He died in 2010 aged 82. Two years later the then-current Labour MP for Rochdale Simon Danczuk accused him of child abuse in Parliament and followed it up with a book very light on dates and lacking any accusations about people who were still alive. I don't know what to make of it all but certainly there's been some very lazy journalism in covering the allegations because some of the propositions are utterly ludicrous.
Nobody seemed inclined to consider that Danczuk, who'd only scraped home because dozy local Tories forgot they needed to vote tactically, had a vested interest in smearing the Liberal Democrats.
The proposition that MI5 repeatedly intervened to protect him as part of an Establishment cover-up is preposterous. Cyril was an obscure Northern politician then a lone wolf in a party with a mere handful of MPs. When on earth was he part of the "Establishment" ? He's accused of clandestine activities in a London paedophile ring but he was the most easily recognisable man in the country; he couldn't go anywhere in secret. . Geoffrey Dickens the neighbouring Tory MP seemingly rehabilitated for his "dossier" on Westminster paedophiles used a picture of him and Cyril together and an apparent endorsement in his 1992 election leaflets so Cyril can't have been in it.
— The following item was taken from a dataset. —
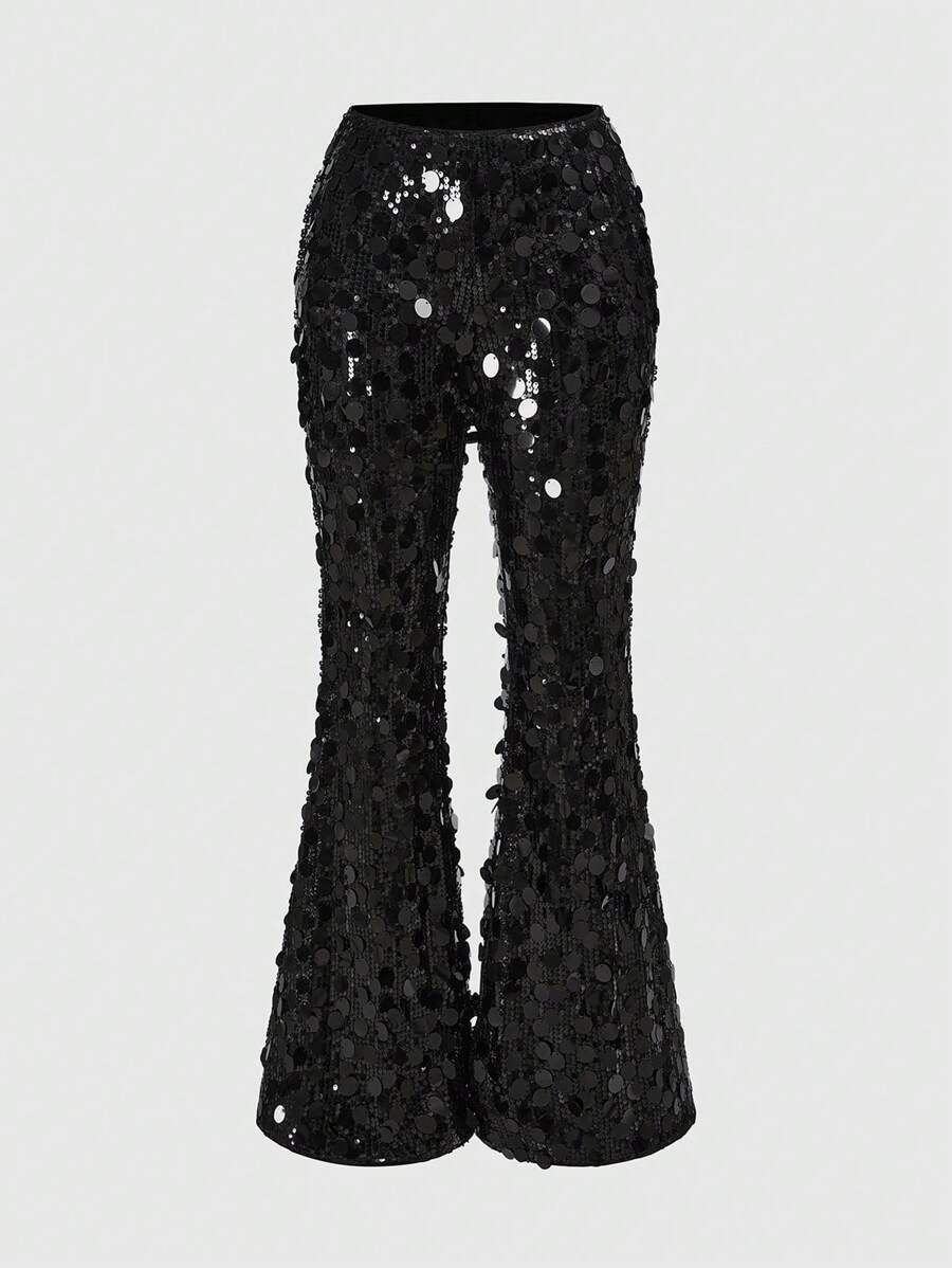 Grunge Punk Women's Sparkly Sequin Music Festival Flare Pants, Low Waisted Holiday/Graduation/Party Wear

The police decision not to prosecute Cyril over the Cambridge House incidents is perfectly understandable in the context of the late sixties without any need for conspiracy theory. Cyril's spankings would have been viewed as a humiliation punishment rather than a sexual offence and the recipients were all juvenile delinquents. Even if a jury believed he'd done it, they would have applauded his actions and acquitted him. Taking the case further would have been a complete waste of public money.